Wie entstehen Psychosen?
Lange beschäftigten sich Menschen mit dieser Frage, und sie gaben, je nach Kulturkreis und Epoche, Geistern die Schuld, dem Teufel, schlechter Ernährung oder dominanten Müttern. Heute gehen Psychiater und Psychiaterinnen vom Vulnerabilitäts-Stress-Modell aus. Demnach reagieren manche Menschen, teils erblich bedingt, besonders empfindlich auf seelische Enttäuschungen, beruflichen Stress, körperliche Erkrankungen. Ihre Seele hat nur eine "dünne" Außenhaut. Wird das Leben dieser Menschen durch außerordentliche Schicksalsschläge zusätzlich belastet, kann die dünne Außenhaut zerreißen und eine Psychose ausbrechen. Die Krankheit tritt häufig aber auch ohne erkennbaren äußeren Grund auf.
Im Gehirn kommt es dabei zu biochemischen Veränderungen: Betroffene leiden unter einem Dopaminüberschuss. Der Botenstoff spielt eine wichtige Rolle bei der Weiterleitung von Außenreizen. Sind die Dopaminwerte erhöht, werden Reize zigfach verstärkt, und die Filterfunktion des Gehirns ist gestört. Es kann angesichts der einströmenden Reize nicht mehr zwischen wichtig und unwichtig unterscheiden – Fantasien, Wunschträume oder Ängste werden als vermeintliche Wirklichkeit erlebt.
Wie wirken Antipsychotika?
Antipsychotika blockieren Dopamin-Andockstellen im Gehirn und verhindern so eine verstärkte Weiterleitung von Reizen. Man unterscheidet zwischen typischen und atypischen Antipsychotika. Typika wie Haldol kamen in den 1950er-Jahren auf den Markt. Es markierte den Beginn einer pharmakologischen Umwälzung.
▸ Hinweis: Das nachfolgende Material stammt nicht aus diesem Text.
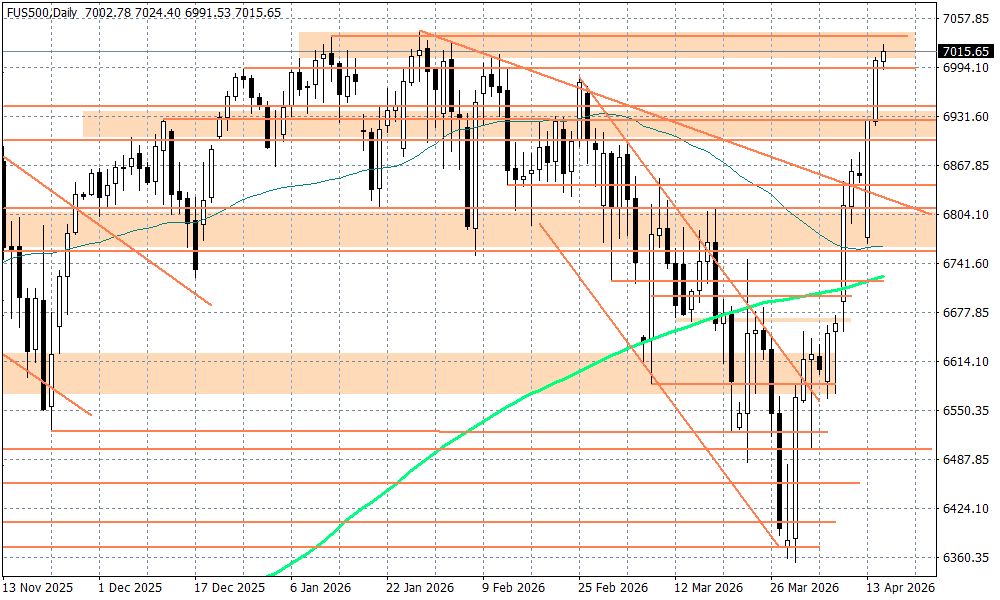 Kontrakt na S&P500 zbliża się do tegorocznego szczytu przy 7042 pkt., który może zostać przetestowany. Tym samym na wykresie zostanie całkowicie wymazany wpływ wojny na Bliskim Wschodzie, choć ta nie została jeszcze formalnie zakończona - jutro ma odbyć się kolejna runda negocjacji USA-Iran. Nie jest jednak pewne, na ile uda się zawrzeć porozumienie do najbliższej środy, kiedy to teoretycznie wygasa 2-tygodniowy rozejm (choć Donald Trump stwierdził wczoraj, że wojna się skończyła). Ewentualne perturbacje związane z tymi rozmowami mogą chwilowo zaważyć na notowaniach S&P500, choć widać, że rynki akcji znów wpadły w amok publikacji wyników kwartalnych spółek, które znów są niezłe (więc rynek szybko "wyrównuje" ostatnią nierównowagę będącą wynikiem irańskiego konfliktu).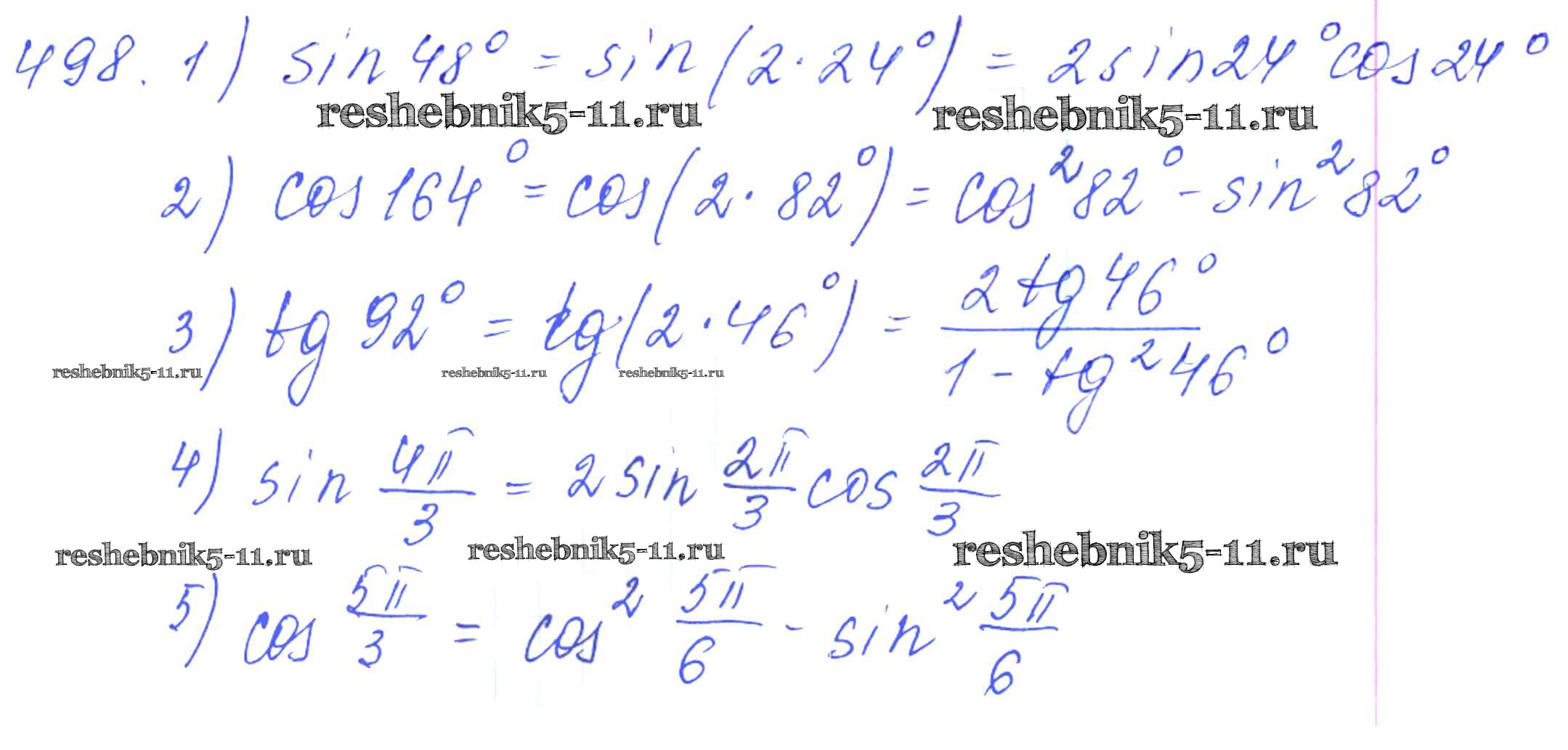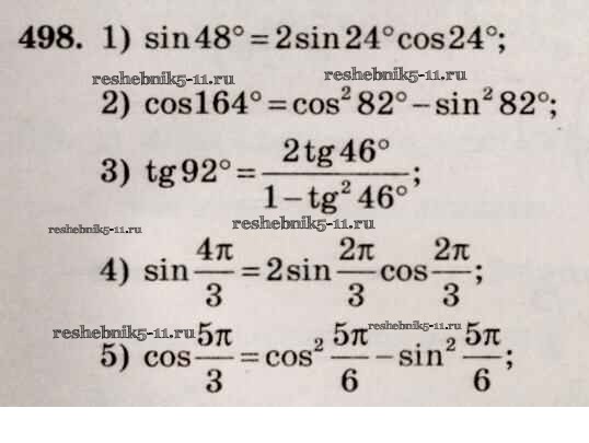 Готовая домашняя работа с ответами по Алгебре за 10, 11 класс Алимов, Ткачева, Колягин, Федорова, Шабунин Учебник Базовый и углубленный уровень Просвещение 2015 ФГОС - Упражнения 498

Erstmals hatten Mediziner überhaupt Medikamente für schwerst psychisch kranke Menschen, die zuvor häufig unter unwürdigen Bedingungen in Anstalten verwahrt worden waren. Die Mittel wirken stark sedierend und lindern Symptome wie Wahnerlebnisse und Stimmenhören, haben aber auch starke Nebenwirkungen, unter anderem Muskelkrämpfe, Bewegungsdrang, maskenhafter Gesichtsausdruck, Muskelsteifigkeit, Zittern. Auch wurden die Medikamente häufig überdosiert.
In den 1990er- und den Nullerjahren entwickelte die Pharmaindustrie sogenannte atypische Antipsychotika wie Risperdal, Seroquel und Abilify. Auch sie wirken zuverlässig gegen psychotische Symptome. Zudem können sie Antrieb und Willenskraft stärken. Das Risiko etwa für parkinsonähnliche Störungen ist bei ihnen deutlich geringer, deshalb der Name "atypisch". Zu den Nebenwirkungen zählen Müdigkeit, Störungen des Fett- und Zuckerstoffwechsels, Gewichtszunahme. Psychiater empfehlen dennoch vielen Patienten, sie dauerhaft einzunehmen, um Rückfällen vorzubeugen.